Maybe the insurance companies will crunch the numbers or do a focus group...there are many many MSers who are quitting their drugs post liberation...that has to add up...but yes this is a new worry that I hadn't had before.
drsclafani wrote:
they mention increased ijv flow on the other side. THIS IS NOT A SIGN OF CCSVI. i guess i really do need to do the study of the imaging tests (specifically ultrasound) you have had taken to see if they follow the protocol.
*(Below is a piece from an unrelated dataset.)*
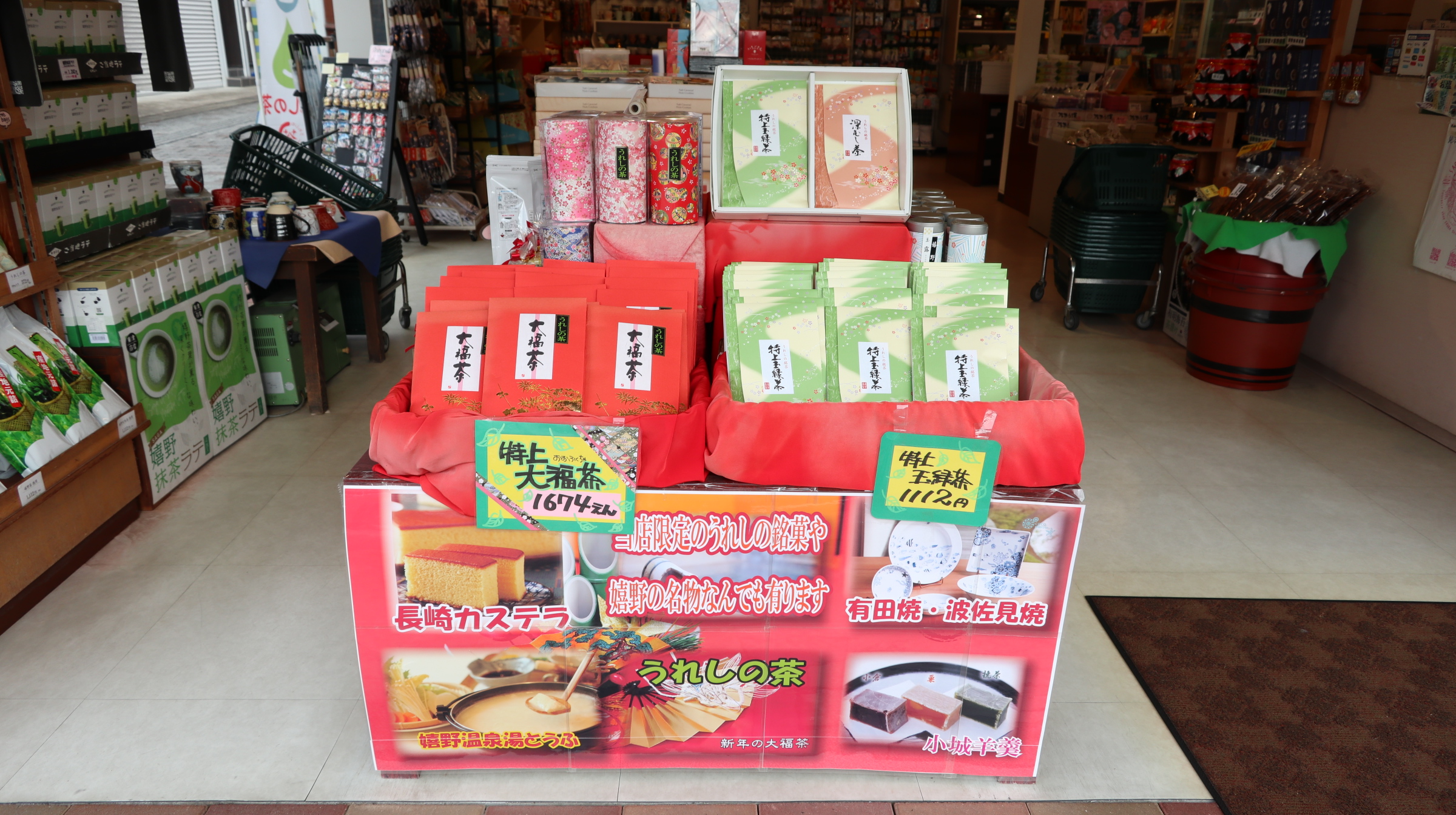 来店客の約8割は観光客で、旅の思い出として購入する人も多い。また、嬉野茶を使った茶のりや蕎麦やお菓子など、自社オリジナル商品も充実。来店時には自社製造の嬉野茶を試飲しながら、ゆっくりと買い物を楽しむことができる。全国発送にも対応しており、帰宅後に改めて佐賀の味を楽しんだり、贈り物として利用したりする人も少なくない。店舗は足湯広場の目の前に位置し、足湯を楽しむ人へ試飲を配るなど、街とのつながりも大切にしている。向かいにあるイートインスペース「温泉街道 輪来」とともに完全オープンスペースとなっており、どちらの店舗にもドアはない。

Tonite i shall start a request for an irb exemption. However if anyone can anonymize their cd, i can look at it now.
Did everyone catch this? I think our good doctor is back in the saddle.
drsclafani wrote:
its really not a pressure phenomenon. its a flow phenomenon.
But there must be some interplay between pressure and flow? I am thinking of the barrel, where the out-flow is blocked so the in-flow is lesser, but if you turn up the inflow and force more in (higher blood pressure) it's still not going to get past that blockage but there will be more going around it and through the collaterals and leaking out the sides? Which is not a good thing?
fogdweller wrote:
I guess there really isn't anything right now that leads a dr. to do the venograms that show CCSVI except MS.
I googled this yesterday and came up with: neoplasms (tumor); jugular aneurysm; pulsatile tinnitus or right carotid abnormalities; early morning headache and vomiting; this one:
http://www.ncbi.nlm.nih.gov/pubmed/19540711; persistent left superior vena cava; and jugular bulb venous thrombosis caused by mild head injury. None of which I have.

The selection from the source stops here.